First things first: What’s a phage?

EcoPhage

Wondering how EcoPhage works? The phages in EcoPhage target E. coli and prevent them from becoming pathogens.1,2 Or attack and kill them if they go rogue. They’re like good cops standing by to maintain and restore order and contribute to healthy gut diversity.

Bacteriophages, or phages, are viruses that infect bacteria and (typically) destroy them. (The word bacteriophage literally means “bacteria eater.”) Like other viruses, phages are made up of a nucleic acid — aka DNA or RNA — surrounded by protein.

Before antibiotics were discovered, phages were the go-to treatment for bacterial infections and disease.

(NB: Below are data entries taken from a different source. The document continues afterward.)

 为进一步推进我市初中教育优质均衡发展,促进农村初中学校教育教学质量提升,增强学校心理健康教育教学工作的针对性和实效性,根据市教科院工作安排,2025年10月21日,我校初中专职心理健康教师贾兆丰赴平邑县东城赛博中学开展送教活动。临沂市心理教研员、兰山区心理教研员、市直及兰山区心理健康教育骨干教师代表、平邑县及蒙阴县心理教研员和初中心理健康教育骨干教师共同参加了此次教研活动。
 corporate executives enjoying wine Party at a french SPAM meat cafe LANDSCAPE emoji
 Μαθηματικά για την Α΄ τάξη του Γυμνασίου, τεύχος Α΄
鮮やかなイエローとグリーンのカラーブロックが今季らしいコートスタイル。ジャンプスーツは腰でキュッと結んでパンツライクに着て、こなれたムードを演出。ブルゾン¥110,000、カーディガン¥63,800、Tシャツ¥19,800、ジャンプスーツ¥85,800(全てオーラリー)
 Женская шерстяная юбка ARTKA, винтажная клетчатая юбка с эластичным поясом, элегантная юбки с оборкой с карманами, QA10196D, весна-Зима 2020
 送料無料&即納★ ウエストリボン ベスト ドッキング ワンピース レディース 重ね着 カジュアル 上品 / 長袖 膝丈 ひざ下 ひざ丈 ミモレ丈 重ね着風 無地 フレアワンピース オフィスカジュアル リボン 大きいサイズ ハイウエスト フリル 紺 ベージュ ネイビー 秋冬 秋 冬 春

When they encounter specific bacteria, phages attach themselves to the bacteria and infect it. They’re said to be the deadliest killers on the planet. They’re also strain-specific, meaning that there is probably a phage for every bacterium on earth.

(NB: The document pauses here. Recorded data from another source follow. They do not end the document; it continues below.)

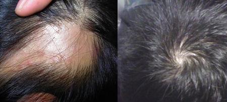 治疗前:江先生大学的时候,就开始出现掉头发的情况,而且掉得很厉害,每次洗头都会掉一大把头发。后来,头顶就渐渐形成了一大块斑秃。每次看到很多广告说某某产品可以生发,江先生就会买回来试试,结果试了一种又一种,效果却并不。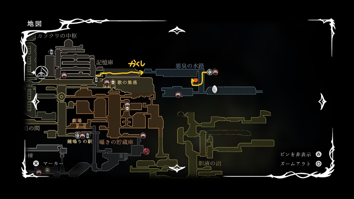 記憶庫の東端から侵入出来ます。胆液の沼からも侵入出来ますが難易度が高いのでおすすめできません
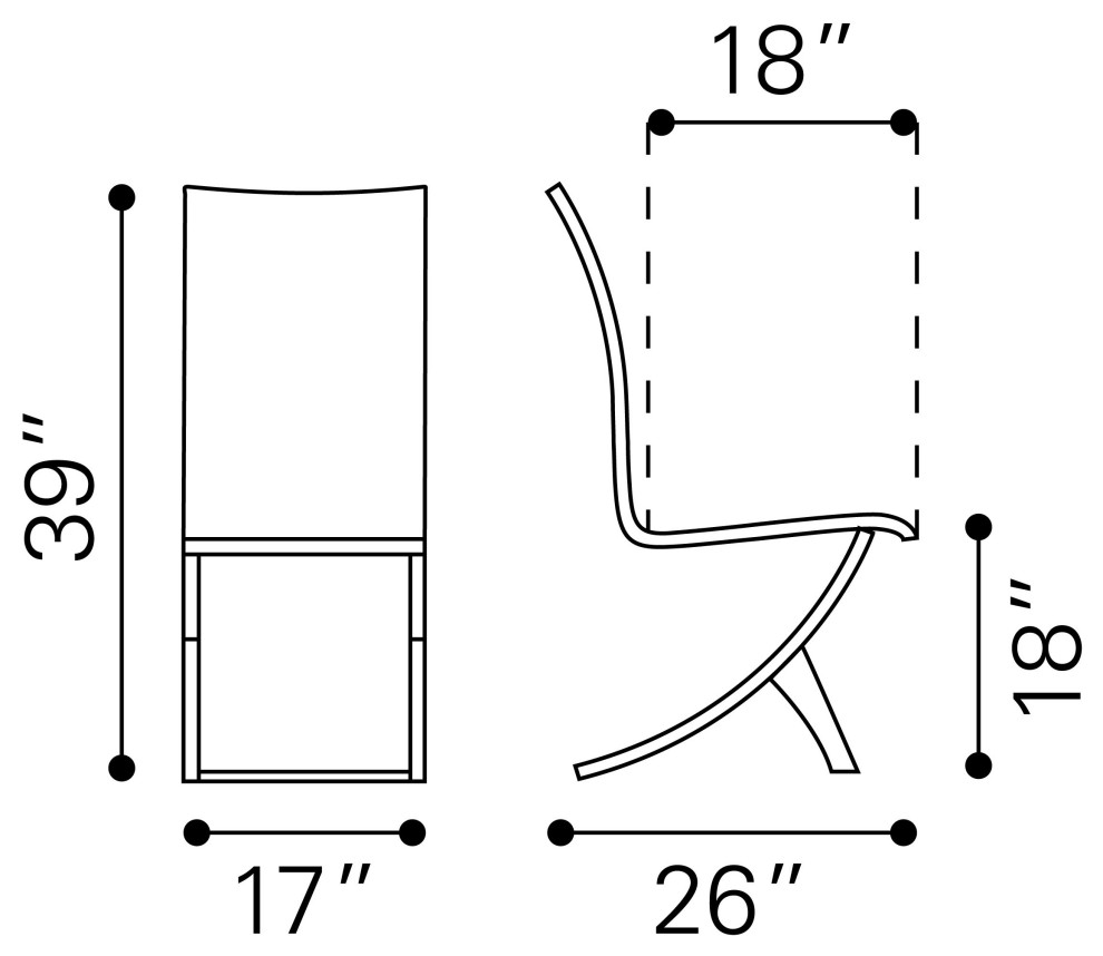 Probably the most comfortable and well-thought out dining chair of our collection, the Delfin chair has a slim silhouette that belies its comfort. It sits on chromed steel tube frame that has a slight reclining motion. A great chair for a great meal and after dinner conversation.

Once inside a bacterium, phages take two approaches — lysis or lysogenesis:

1. In the first case, lysis, the phage takes over the bacterium’s cellular machinery and stops it from producing its own cellular components. Instead, the bacterium is forced to reproduce more phages. As their number expands into the trillions, the bacterium swells and explodes, killing the host and releasing more phages in the bloodstream.

Now, imagine trillions of greedy phages rushing to invade more bacteria of that same species. It doesn’t take long for the “vicious warriors” to do their job and clean up all the pathogenic bacteria, especially if you start them early. They’re harmless to good bacteria, and they’re protecting you.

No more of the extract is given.